1) Clone code and install minimal deps (CPU example)
```bash
git clone https://github.com/frotms/PaddleOCR2Pytorch.git
cd PaddleOCR2Pytorch
pip install -U torch opencv-python pillow pyyaml safetensors
```
2) Download weights and YAML (put in current folder)
```bash
# Weights (recommended)
curl -L -o ptocr_v5_server_det.safetensors "https://huggingface.co/JoyCN/PaddleOCR-Pytorch/resolve/main/ptocr_v5_server_det.safetensors?download=true"
curl -L -o ptocr_v5_server_rec.safetensors "https://huggingface.co/JoyCN/PaddleOCR-Pytorch/resolve/main/ptocr_v5_server_rec.safetensors?download=true"
# Configs (YAML)
curl -L -o PP-OCRv5_server_det.yml "https://huggingface.co/JoyCN/PaddleOCR-Pytorch/resolve/main/PP-OCRv5_server_det.yml?download=true"
curl -L -o PP-OCRv5_server_rec.yml "https://huggingface.co/JoyCN/PaddleOCR-Pytorch/resolve/main/PP-OCRv5_server_rec.yml?download=true"
```
3) Run end-to-end detection + recognition
```bash
python tools/infer/predict_system.py --use_gpu False --image_dir path/to/your_image.png --det_algorithm DB --det_yaml_path ./PP-OCRv5_server_det.yml --rec_yaml_path ./PP-OCRv5_server_rec.yml --det_model_path ./ptocr_v5_server_det.safetensors --rec_model_path ./ptocr_v5_server_rec.safetensors --rec_char_dict_path ./pytorchocr/utils/dict/ppocrv5_dict.txt --rec_algorithm SVTR --rec_image_shape "3,48,320" --draw_img_save_dir ./inference_results
```
- Set `--use_gpu True` if you have a CUDA-ready environment.
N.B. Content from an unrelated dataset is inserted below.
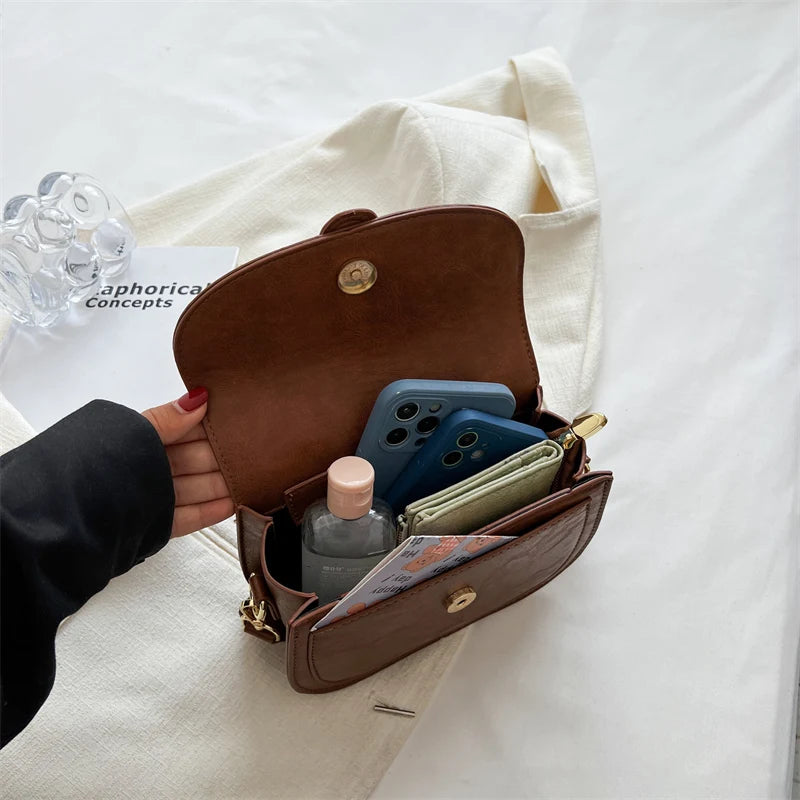 Stay stylish with this solid flap square crossbody bag made of PU leather featuring a wide strap. Perfect for women looking for a small, chic shoulder bag.

- `--rec_image_shape "3,48,320"` is important for PP-OCRv5 recognition.
- Outputs: detection boxes, recognized text with scores, and a visualization image saved under `--draw_img_save_dir`.
## Notes
- Prefer the `huggingface_hub` API (`hf_hub_download`/`snapshot_download`) for reliable downloads and caching.
- If needed, install safetensors: `pip install safetensors`.
## Compatibility & Attribution
- Example inference uses the open-source PaddleOCR2Pytorch project (Apache-2.0): https://github.com/frotms/PaddleOCR2Pytorch.
- This repository is not affiliated with the PaddleOCR2Pytorch maintainers; please follow their license for code usage.
## License
- This repository (weights and model card) is released under Apache-2.0.
- The referenced PaddleOCR2Pytorch codebase is also Apache-2.0.
## Disclaimer
- Provided as-is, without warranties. Evaluate and validate for your use case.